Problem details
The required output is the lines below from the line containing "R2 Overhemd Technical" to the line containing "Solid Color Ruched", inclusive, retyped exactly. No other lines belong in it.
** Opening Records for this task block **
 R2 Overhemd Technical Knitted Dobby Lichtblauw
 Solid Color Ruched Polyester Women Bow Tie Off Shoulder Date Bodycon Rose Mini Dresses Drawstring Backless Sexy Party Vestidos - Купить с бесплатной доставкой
** Closing Records for this task block **
** Opening Records for this task block **
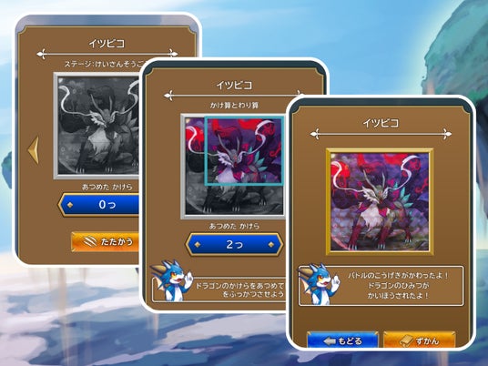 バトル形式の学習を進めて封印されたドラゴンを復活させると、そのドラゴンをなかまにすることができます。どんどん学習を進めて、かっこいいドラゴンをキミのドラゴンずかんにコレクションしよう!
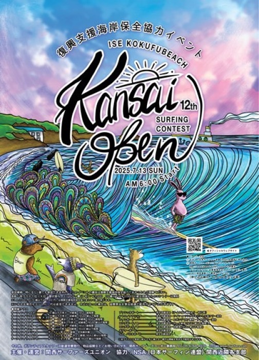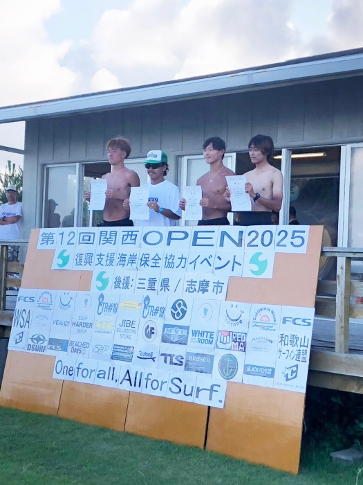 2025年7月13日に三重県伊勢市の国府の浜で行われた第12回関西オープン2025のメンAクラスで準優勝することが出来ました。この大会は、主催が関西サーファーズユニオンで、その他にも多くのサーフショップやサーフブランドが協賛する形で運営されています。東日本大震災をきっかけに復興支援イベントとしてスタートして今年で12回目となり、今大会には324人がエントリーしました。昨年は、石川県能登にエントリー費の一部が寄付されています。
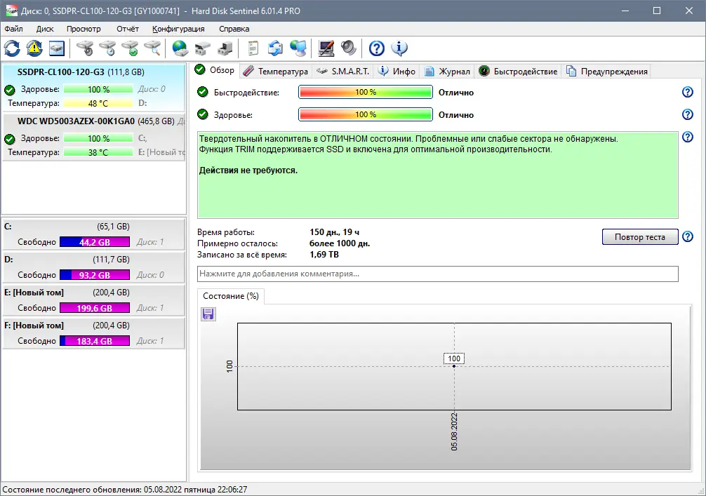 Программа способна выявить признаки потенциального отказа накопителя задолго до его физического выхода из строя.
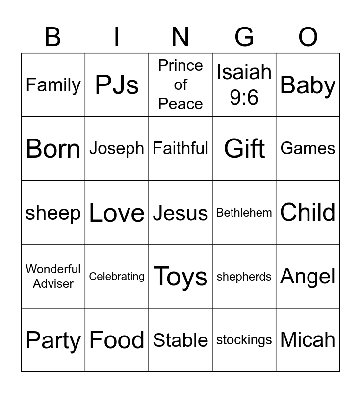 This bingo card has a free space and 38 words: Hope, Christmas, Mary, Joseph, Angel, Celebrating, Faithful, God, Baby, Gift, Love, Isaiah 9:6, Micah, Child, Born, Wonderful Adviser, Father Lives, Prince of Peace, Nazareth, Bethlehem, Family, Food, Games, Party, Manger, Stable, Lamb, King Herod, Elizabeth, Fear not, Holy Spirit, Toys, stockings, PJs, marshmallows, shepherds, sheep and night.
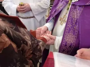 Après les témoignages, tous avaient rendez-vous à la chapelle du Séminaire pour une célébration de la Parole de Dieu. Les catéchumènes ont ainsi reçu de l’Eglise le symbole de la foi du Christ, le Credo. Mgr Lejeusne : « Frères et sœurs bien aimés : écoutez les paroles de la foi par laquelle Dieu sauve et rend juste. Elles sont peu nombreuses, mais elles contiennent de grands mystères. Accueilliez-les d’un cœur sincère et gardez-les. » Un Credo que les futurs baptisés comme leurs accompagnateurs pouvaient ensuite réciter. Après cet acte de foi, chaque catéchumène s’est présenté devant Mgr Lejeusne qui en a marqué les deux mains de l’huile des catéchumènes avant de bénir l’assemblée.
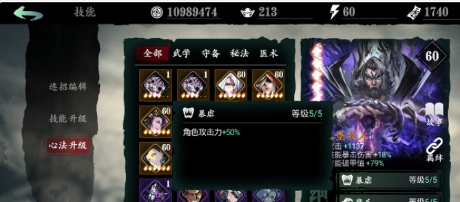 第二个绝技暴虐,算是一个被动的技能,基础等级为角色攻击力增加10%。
** Closing Records for this task block **
Exercise solution
 R2 Overhemd Technical Knitted Dobby Lichtblauw
 Solid Color Ruched Polyester Women Bow Tie Off Shoulder Date Bodycon Rose Mini Dresses Drawstring Backless Sexy Party Vestidos - Купить с бесплатной доставкой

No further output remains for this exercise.